Here is a close-up of GDP alone with a line to illustrate the 3.2 average (arithmetic mean) for the quarterly series since the 1947, with the latest GDP revisions, this number had been at 3.3 for 14 quarters, but slipped to 3.2 as of Q2 of this year. I’ve also plotted the 10-year moving average, currently at 1.7. The current GDP has now removed us completely from either range.

Here is the same chart with a linear regression that illustrates the gradual decline in GDP over this timeframe. The latest GDP number is above the approximate 2.1 of the regression at the same position on the horizontal axis.

And for a bit of political trivia in this pre-election period, here is a look at GDP by party in control of the White House and Congress.

In summary, the Q4 GDP Advance Estimate of minus 0.1 percent, is a shocking plunge into shallow contraction, a move that was quite unexpected by mainstream economists. On February 28th we’ll get the Second Estimate, which often shows a significant revision from the Advance Estimate. Those of us who follow GDP closely will be on proverbial pins and needles waiting for the next update.

The chart below is a way to visualize real GDP change since 2007. The chart uses a stacked column chart to segment the four major components of GDP with a dashed line overlay to show the sum of the four, which is real GDP itself. As the analysis clear shows, personal consumption is key factor in GDP mathematics.

Click to View

Caveats on the Use of Gross Domestic Product (GDP)

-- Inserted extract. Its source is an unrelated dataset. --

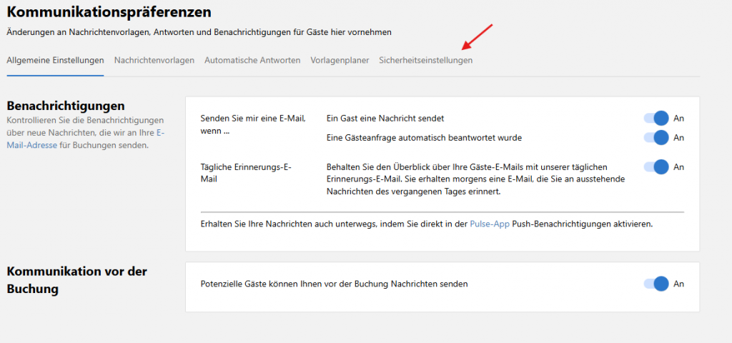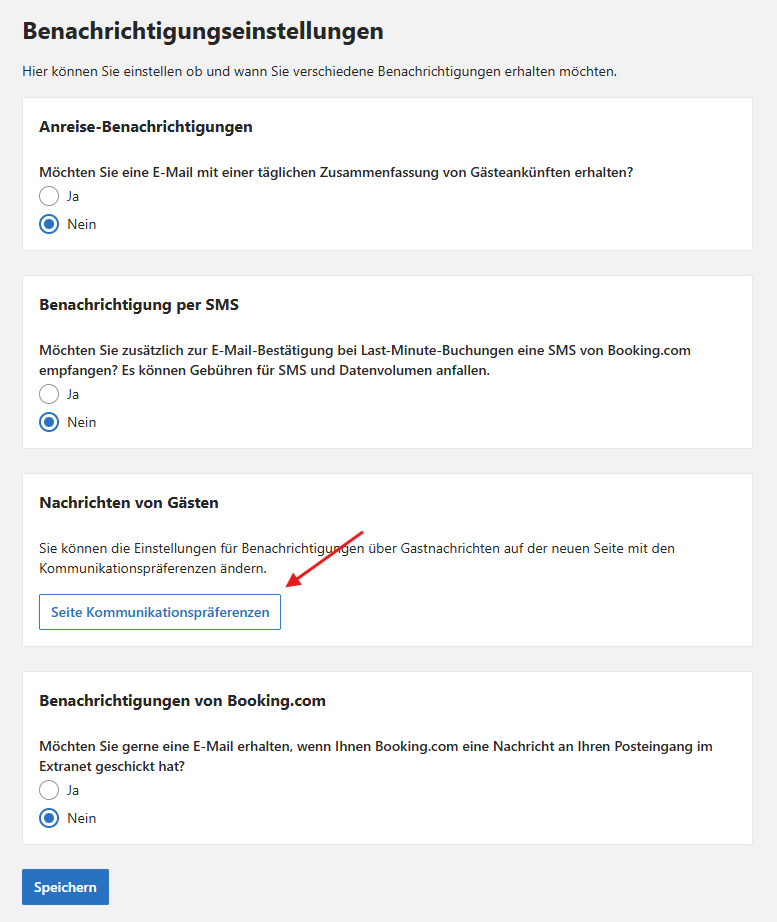 Unter “Nachrichten von Gästen” klicken Sie auf “Seite Kommunikationspräferenzen”.

GDP is market value of all final goods and services produced within the USA where money is used in the transaction – and it is expressed as an annualized number. GDP = private consumption + gross investment + government spending + (exports − imports), or GDP = C + I + G + (X – M). GDP counts monetary expenditures. It is designed to count value added so that goods are not counted over and over as they move through the manufacture – wholesale – retail chain.

The vernacular relating to the different GDP releases:

“Advance” estimates, based on source data that are incomplete or subject to further revision by the source agency, are released near the end of the first month after the end of the quarter; as more detailed and more comprehensive data become available, “second” and “third” estimates are released near the end of the second and third months, respectively. The “latest” estimates reflect the results of both annual and comprehensive revisions.

Consider that GDP includes the costs of suing your neighbor or McDonald’s for hot coffee spilled in your crotch, plastic surgery or cancer treatment, buying a new aircraft carrier for the military, or even the replacement of your house if it burns down – yet little of these activities is real economic growth.

GDP does not include include home costs (other than the new home purchase price even though mortgaged up the kazoo), interest rates, bank charges, or the money spent buying anything used.

It does not measure wealth, disposable income, or employment.

In short, GDP does not measure the change of the economic environment for Joe Sixpack in 1970, and Joe Sixpack’s kid, yet pundits continuously compare GDP across time periods.

Although there always will be some correlation between all economic pulse points, GDP does not measure the economic elements that directly impact the quality of life of its citizens.